Once we know we are working with EM fields, Barrett revamps IIT to be “consciousness arising from information intrinsic to the configuration of a fundamental field.” If said field has a lot of this intrinsic integrated information, “mathematically there is a high-dimensional informational structure associated with it” and based upon its geometrical features determines the “contents of consciousness" (Ibid).

To fit in with relativity, we need to have our fields be independent of frames of reference, so conventional Phi won’t do. This is because it is based on discrete elements in a system and not on continuous fields. Instead, we are seeking a formula which “int theory could be applied universally to explore the intrinsic information in any patch of spacetime, without requiring an observer to do any modeling" (Ibid).

Hence why the discreteness of IIT won’t do, because we could always zoom in and get a smaller scale (thankfully, once at Planck scale there isn’t complexity of IIT to be applied so the continuous nature applies to all relevant scales). This isn’t to say we can’t use discreteness to aid us. We should, using discrete observations to build an approximation of a continuous solutions. (Ibid).

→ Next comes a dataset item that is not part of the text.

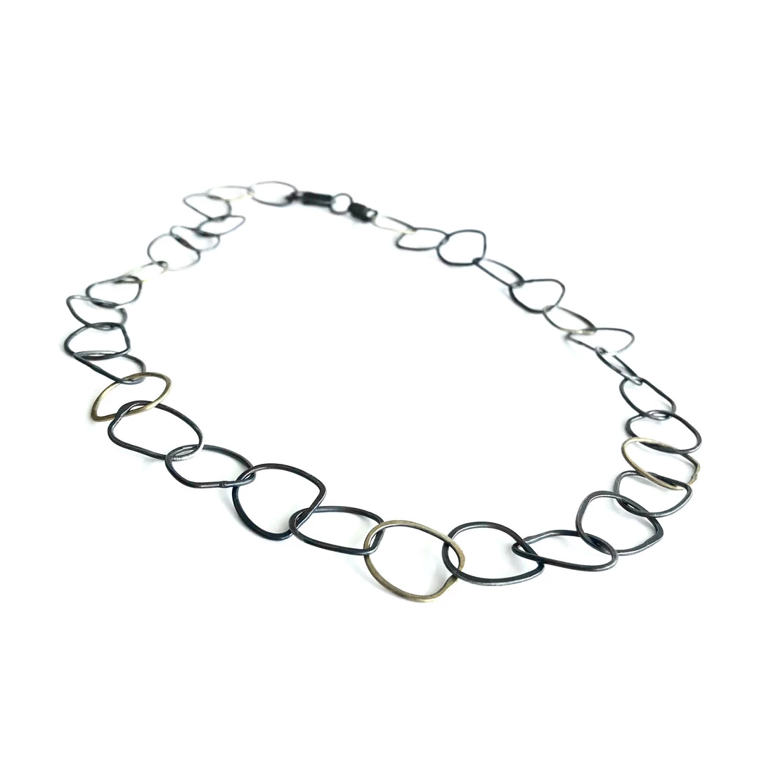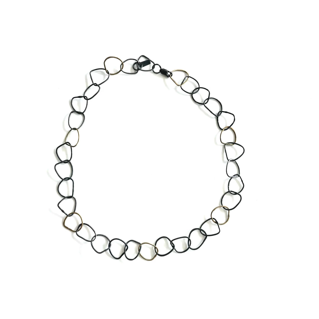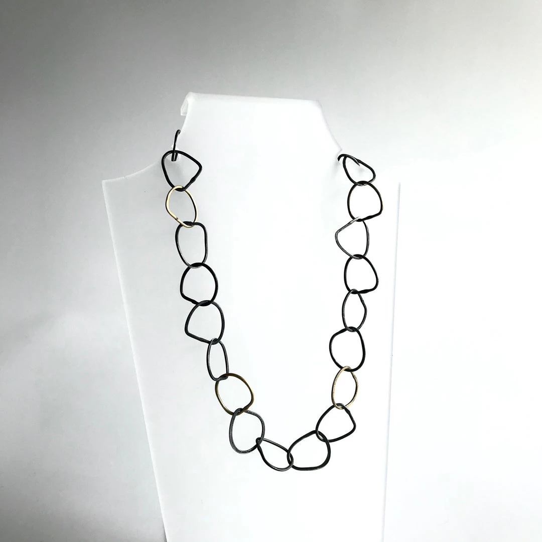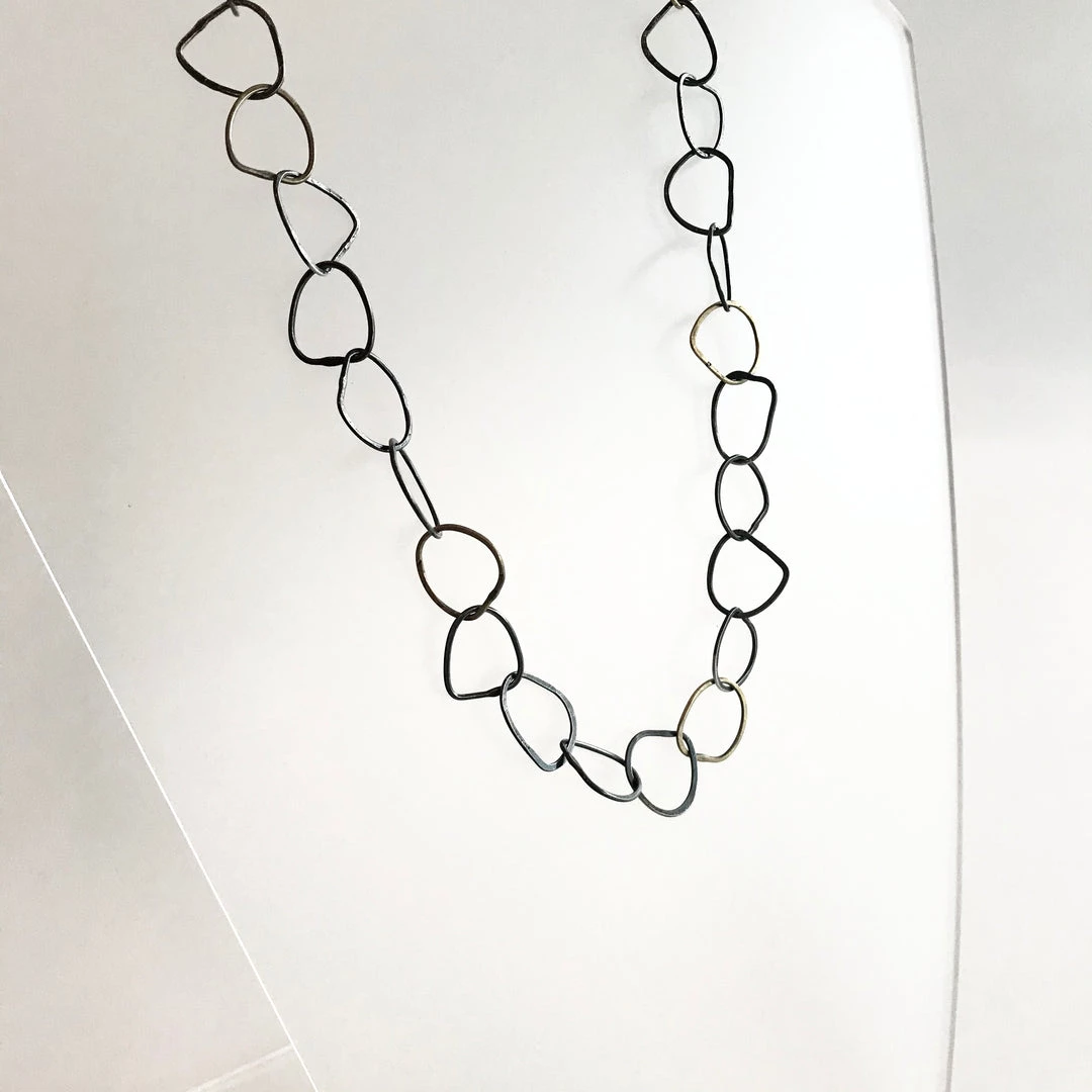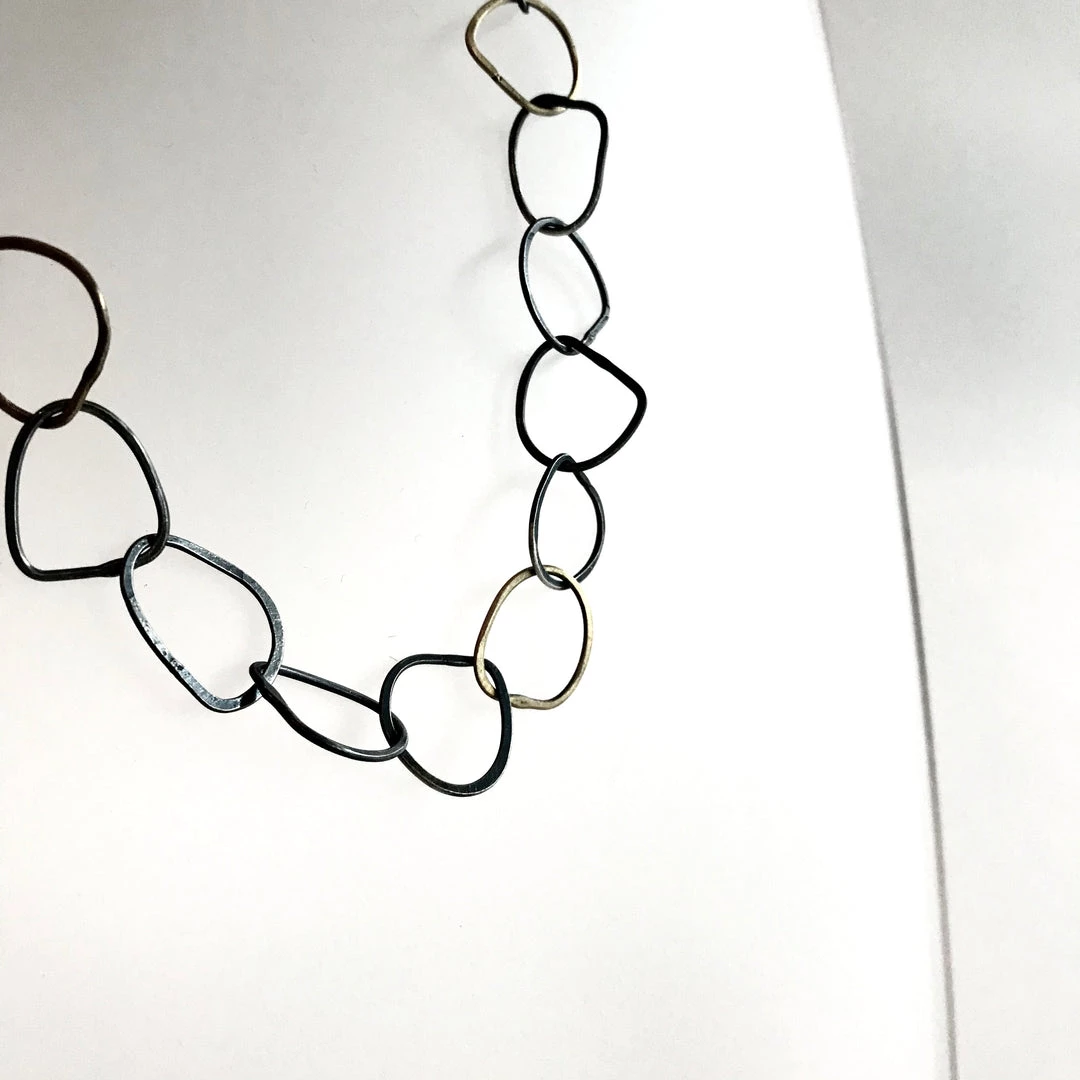 This stunning necklace is made up from a series of linked beaten and oxidised gold + silver hoops, each hand forged by the amazingly talented jeweller and print maker Karen Daye Hutchenson in her Belfast studio.Â

Through this field approach, we can marry together consciousness with physics, potentially opening the door for new, brave unknowns…

Works Cited

  • Azarian, Bobby. “Neuroscience’s New Consciousness theory is Spiritual.” Oath, Inc. 21 Sept. 2015. Web. 18 Nov. 2020.
  • Barrett, Adam B. “An Integration of integrated information theory with fundamental physics.” Front. Psychol., 04 February 2014 | Web. 06 Apr. 2021.
  • Brooks, Michael. “There. There. Everywhere?” New Scientist. New Scientist Ltd., 02 May 2020. Print. 40-3.
  • Horgar, John. “Can Integrated Information Theory Explain Consciousness?” Nature America, Inc. 01 Dec. 2015. 18 Nov. 2020.
  • Koch, Christof. “A ‘Complex’ Theory of Consciousness.” Springer Nature America, Inc. 01 Jul. 2009. Web. 09 Aug. 2020.
  • Tononi, Giulio. “An information integration theory of consciousness.” BMC Neuroscience 2004, 5:42 doi:10.1186/1471-2202-5-42.

This content is accurate and true to the best of the author’s knowledge and is not meant to substitute for formal and individualized advice from a qualified professional.